▸ Excerpted data:
Segment Open
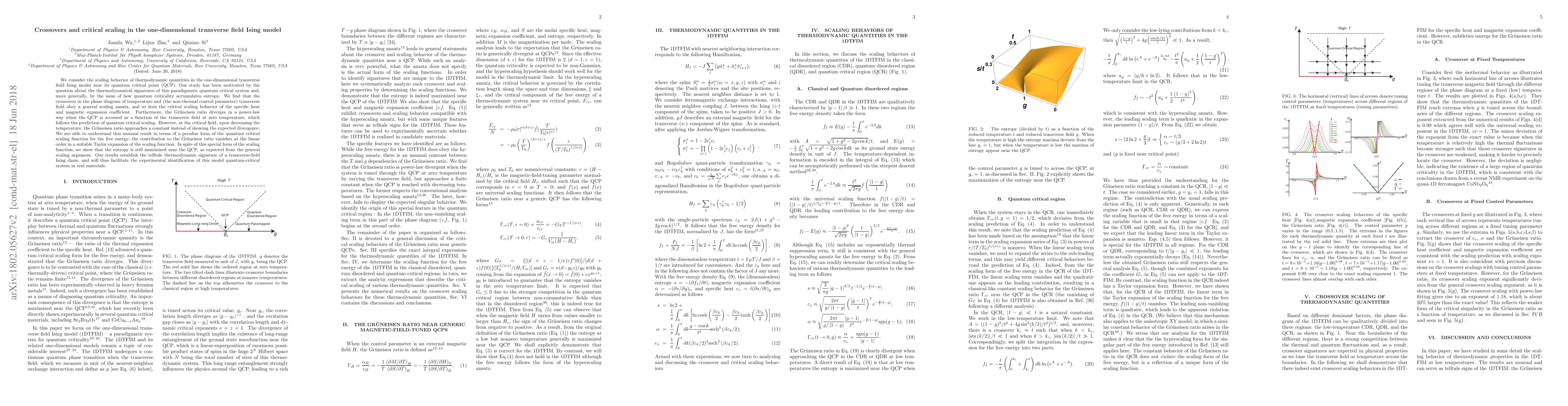 This paper investigates the scaling behavior of thermodynamic quantities in the one-dimensional transverse-field Ising model near its quantum critical point, revealing a general scaling ansatz for crossovers and critical scaling of specific heat and magnetic expansion coefficient. It finds an unusual behavior in the Gr\"uneisen ratio, which diverges but approaches a constant at the critical field, explained by a unique form of the quantum critical scaling function for the free energy.
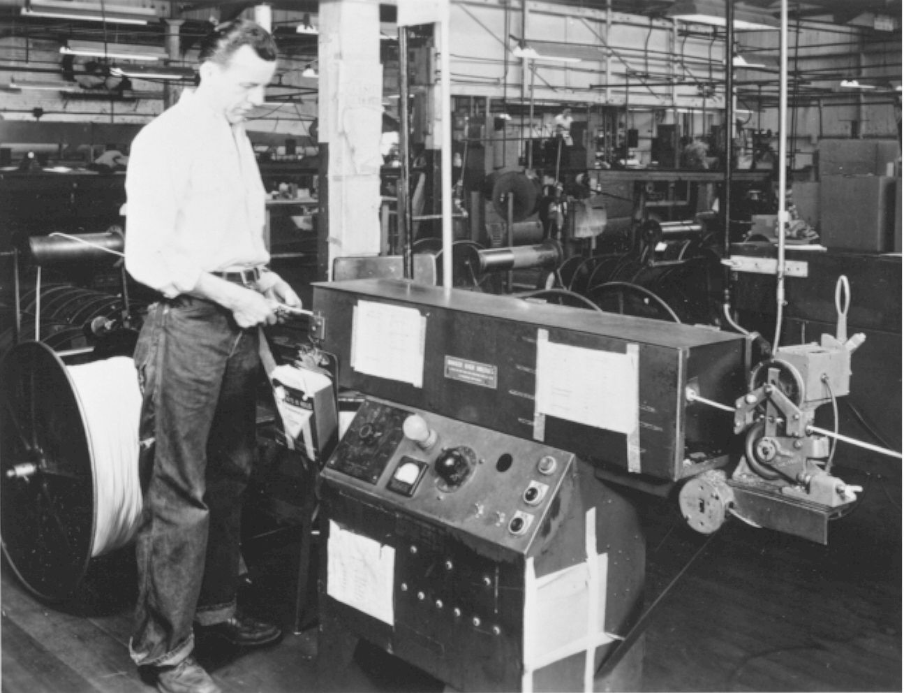 Photograph of worker Norbert Aubin spark testing at the William Brand Company's North Street factory, Willimantic, CT, c. 1955-60. Black and white print. Unknown photographer.Photograph Details
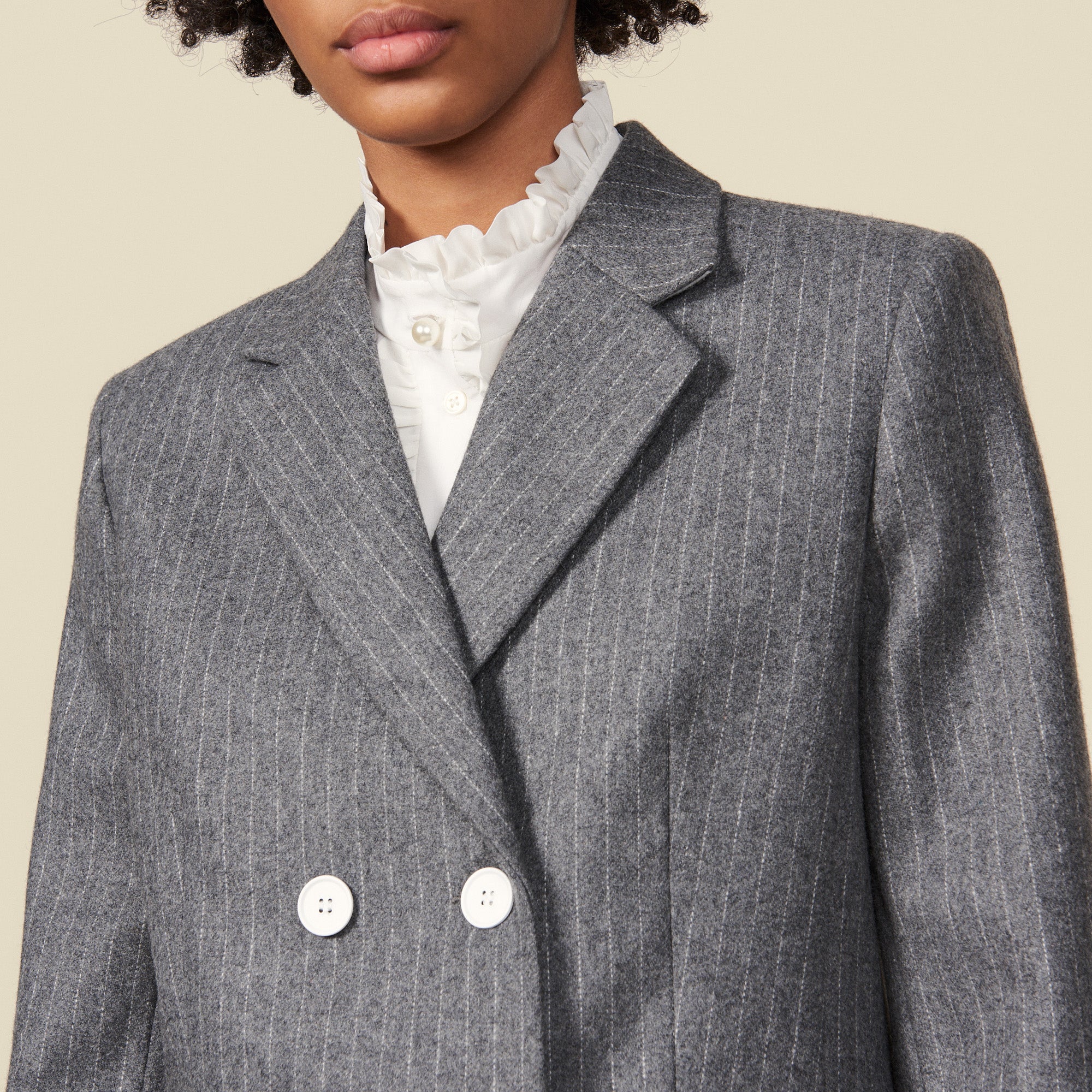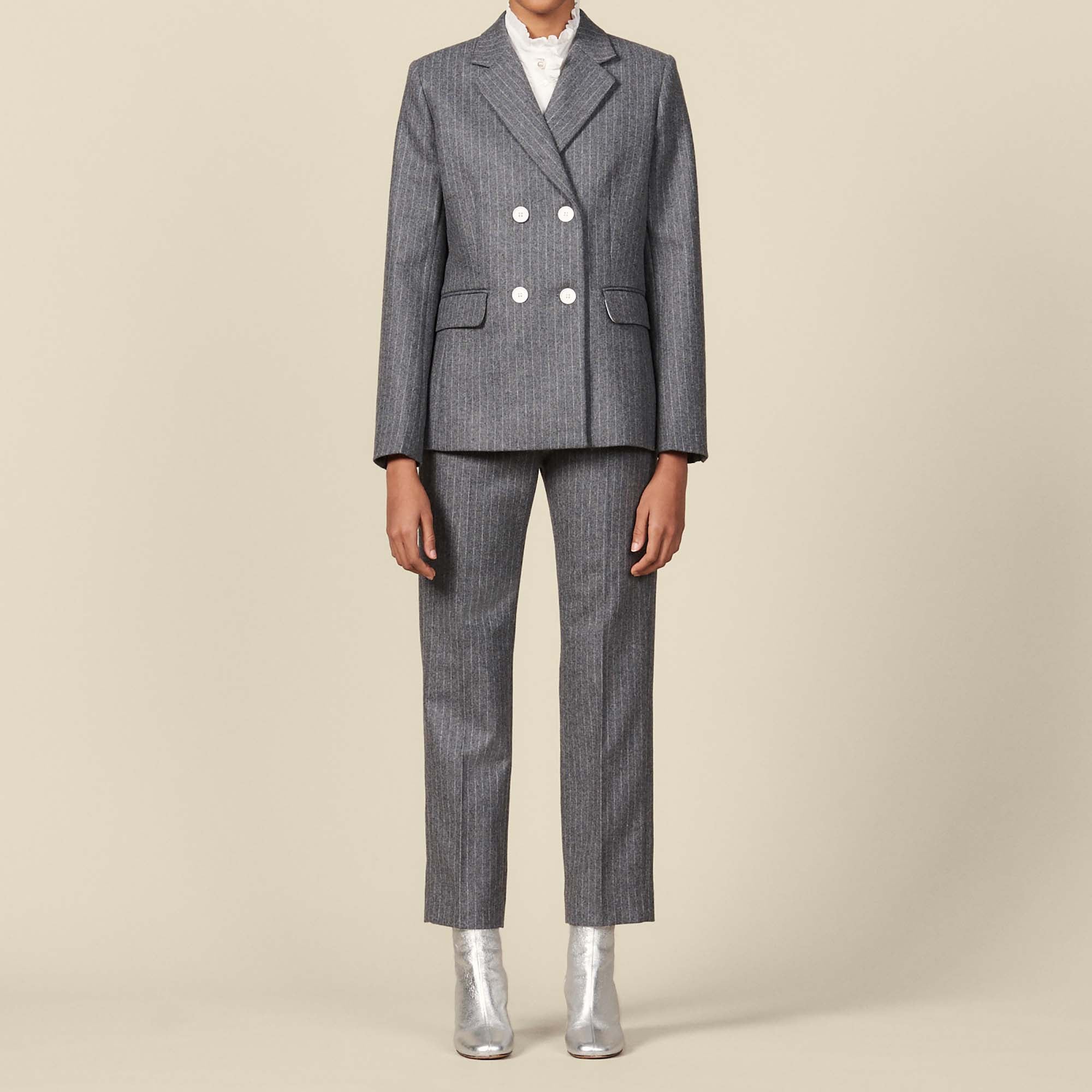 Veste de tailleur femme Sandro; Veste de tailleur en flanelle; Rayures tennis; Col de tailleur; Boutons contrastants; Deux poches à revers; Cette veste est assortie au ; Le mannequin porte une taille 36/UK 8/US 26 Référence : SFPVE00229
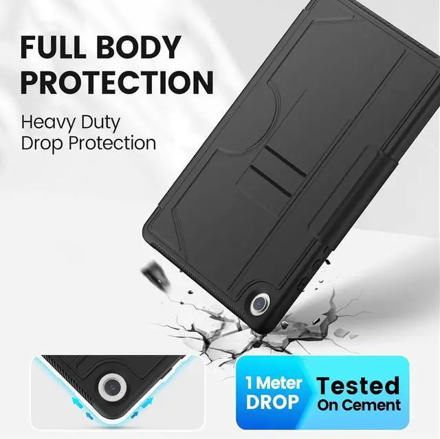[Premium Materials & Sturdy Protection] The case rugged is built with a combination of hard PC back, shockproof TPU frame and premium textured PU leather front cover, features resistance to fingerprints and easy wipe cleaning, and this case protects your tablet well against drops and bumps. Meanwhile, this case also offers seamless protection with precise cutouts for the speaker, camera, buttons and other ports
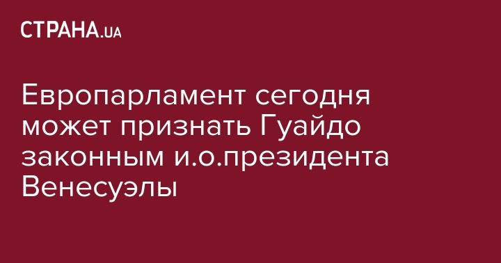 Европарламент подготовил проект резолюции о признании лидера оппозиции Хуана Гуайдо законным и.о. президента Венесуэлы до проведения "новых свободных и прозрачных выборов". Текст проекта резолюции опубликован на сайте Европарламента (ЕП).
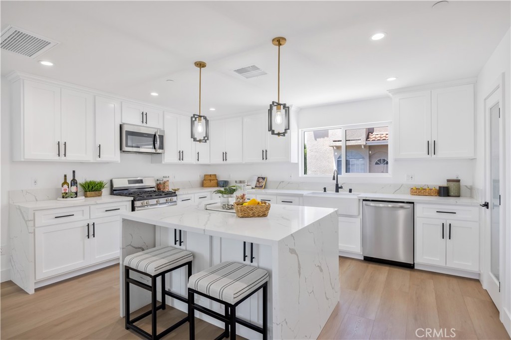 The chef-inspired kitchen boasts a large quartz island, stainless steel appliance package, farmhouse sink, and walk-in pantry—perfect for hosting gatherings. The living room opens to a private balcony, while the ground-level patio offers additional outdoor space. The luxurious primary suite includes a spa-like bathroom with a walk-in shower, soaking tub, dual vanities with quartz counters, and a generous walk-in closet.
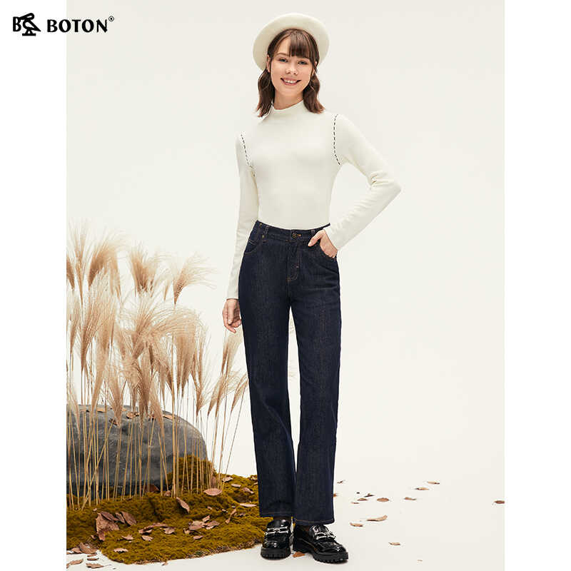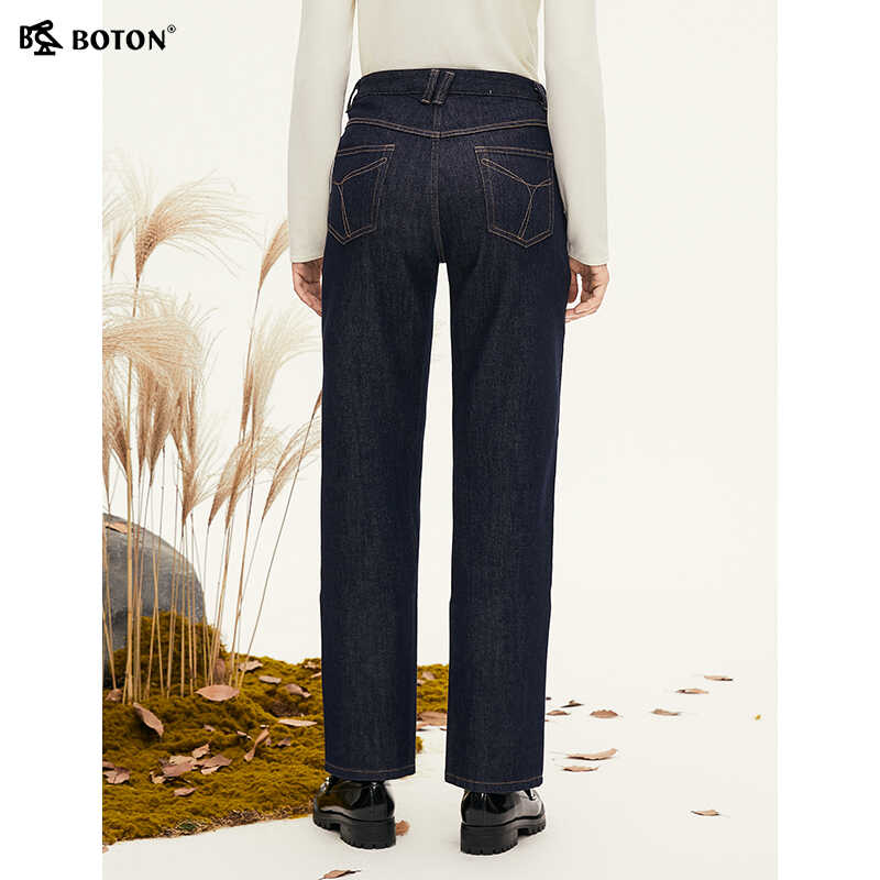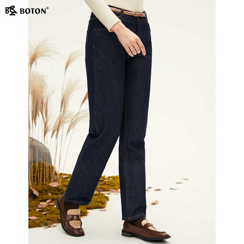 新款 波顿2025年春夏季 女士直筒宽松高端深蓝色弹力牛仔裤 防掉色
Segment Closed
▸ Prompt:
Return each entry above unchanged. Leave the pictures out.

▸ Final answer:
 This paper investigates the scaling behavior of thermodynamic quantities in the one-dimensional transverse-field Ising model near its quantum critical point, revealing a general scaling ansatz for crossovers and critical scaling of specific heat and magnetic expansion coefficient. It finds an unusual behavior in the Gr\"uneisen ratio, which diverges but approaches a constant at the critical field, explained by a unique form of the quantum critical scaling function for the free energy.
 Photograph of worker Norbert Aubin spark testing at the William Brand Company's North Street factory, Willimantic, CT, c. 1955-60. Black and white print. Unknown photographer.Photograph Details
 Veste de tailleur femme Sandro; Veste de tailleur en flanelle; Rayures tennis; Col de tailleur; Boutons contrastants; Deux poches à revers; Cette veste est assortie au ; Le mannequin porte une taille 36/UK 8/US 26 Référence : SFPVE00229
[Premium Materials & Sturdy Protection] The case rugged is built with a combination of hard PC back, shockproof TPU frame and premium textured PU leather front cover, features resistance to fingerprints and easy wipe cleaning, and this case protects your tablet well against drops and bumps. Meanwhile, this case also offers seamless protection with precise cutouts for the speaker, camera, buttons and other ports
 Европарламент подготовил проект резолюции о признании лидера оппозиции Хуана Гуайдо законным и.о. президента Венесуэлы до проведения "новых свободных и прозрачных выборов". Текст проекта резолюции опубликован на сайте Европарламента (ЕП).
 The chef-inspired kitchen boasts a large quartz island, stainless steel appliance package, farmhouse sink, and walk-in pantry—perfect for hosting gatherings. The living room opens to a private balcony, while the ground-level patio offers additional outdoor space. The luxurious primary suite includes a spa-like bathroom with a walk-in shower, soaking tub, dual vanities with quartz counters, and a generous walk-in closet.
 新款 波顿2025年春夏季 女士直筒宽松高端深蓝色弹力牛仔裤 防掉色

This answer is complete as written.